[Source data]
☆ ☆ ☆ ☆ ☆

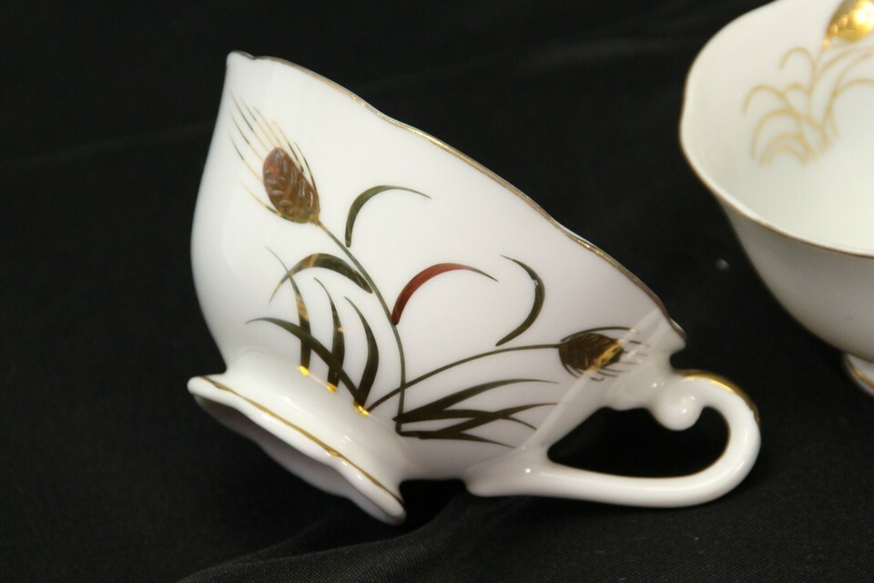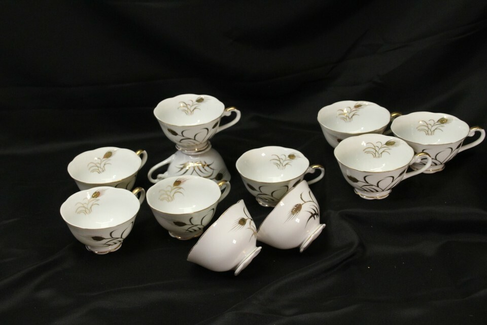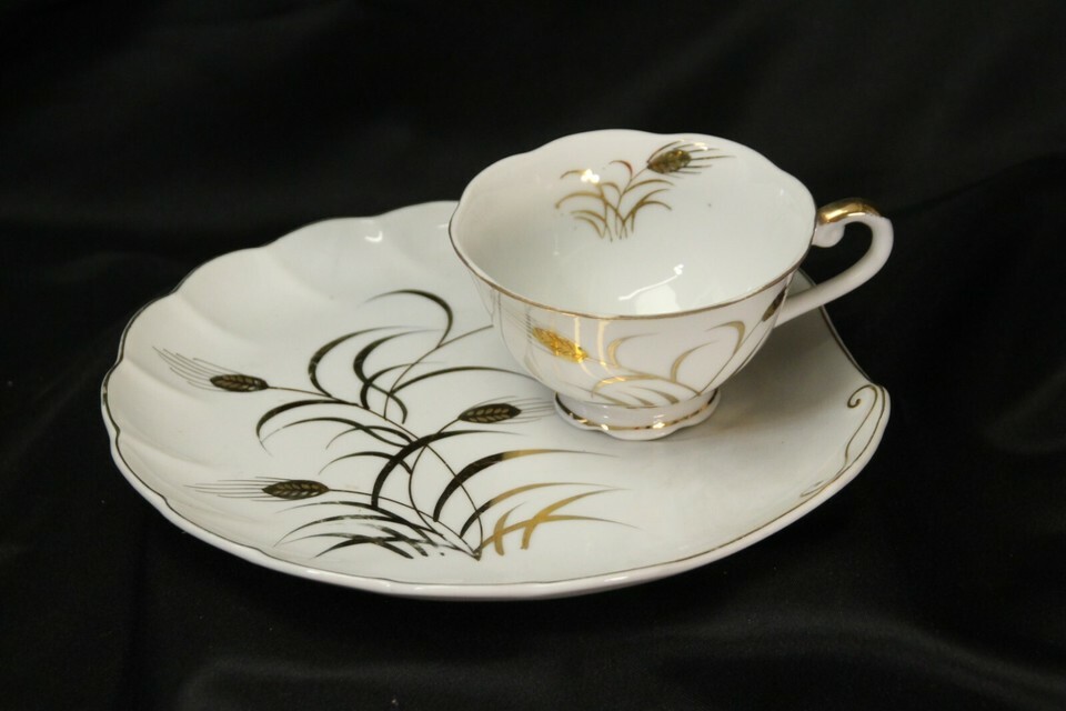 Lefton Wheat Gold Snack Plates 9 Plates and 11 Cups
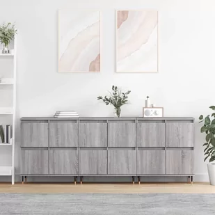 Funkcja dekoracyjna: na blacie tej szafki możesz postawić swoje ulubione zdjęcia, ozdoby lub kwiaty, aby wzbogacić wystrój swojego wnętrza. Ostrzeżenie: Aby zapobiec przewróceniu się mebla, musi on zostać przymocowany do ściany za pomocą dołączonego elementu. Kolor: szary dąb sonoma Materiał:
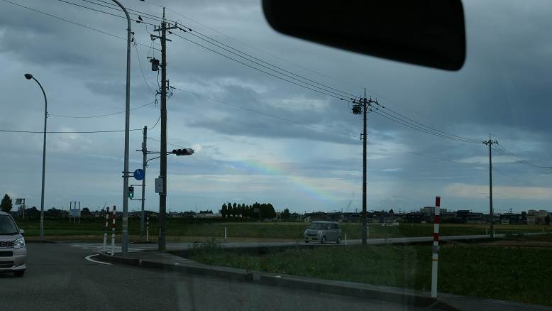 綺麗な虹、、朝、稲刈りに向かう途中。でも右に雨のカーテンが見える。
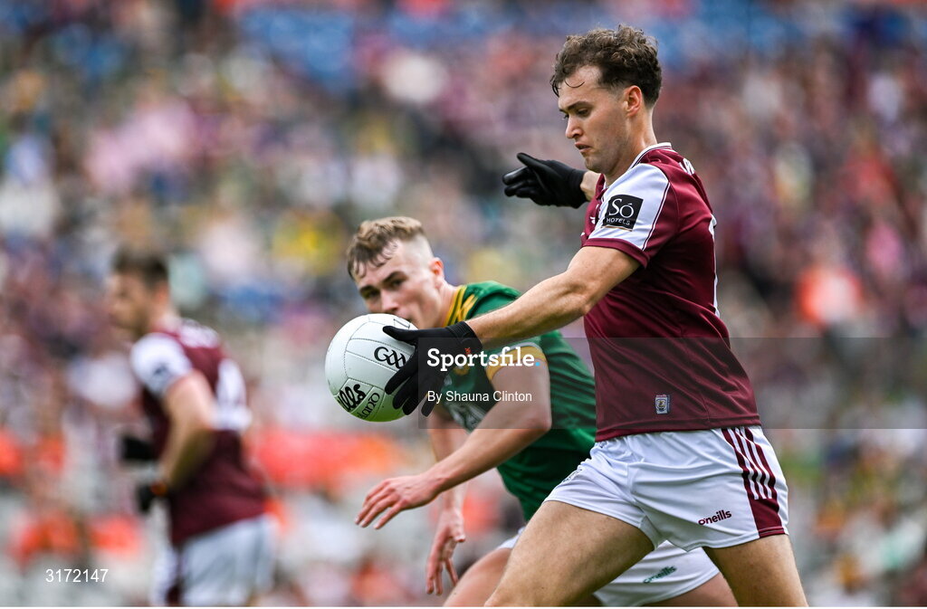29 June 2025; Robert Finnerty of Galway in action against Ruairí Kinsella of Meath during the GAA Football All-Ireland Senior Championship quarter-final match between Meath and Galway at Croke Park in Dublin. Photo by Shauna Clinton/Sportsfile

☆ ☆ ☆ ☆ ☆

[Work instructions] None of the pictures belong in the copy. Write out exactly the lines from the line that holds "綺麗な虹、、朝、稲刈りに向かう途中。でも右に雨のカーテンが見える。" through the last line of the listing above, both ends included.

[Answer to the exercise]
 綺麗な虹、、朝、稲刈りに向かう途中。でも右に雨のカーテンが見える。
29 June 2025; Robert Finnerty of Galway in action against Ruairí Kinsella of Meath during the GAA Football All-Ireland Senior Championship quarter-final match between Meath and Galway at Croke Park in Dublin. Photo by Shauna Clinton/Sportsfile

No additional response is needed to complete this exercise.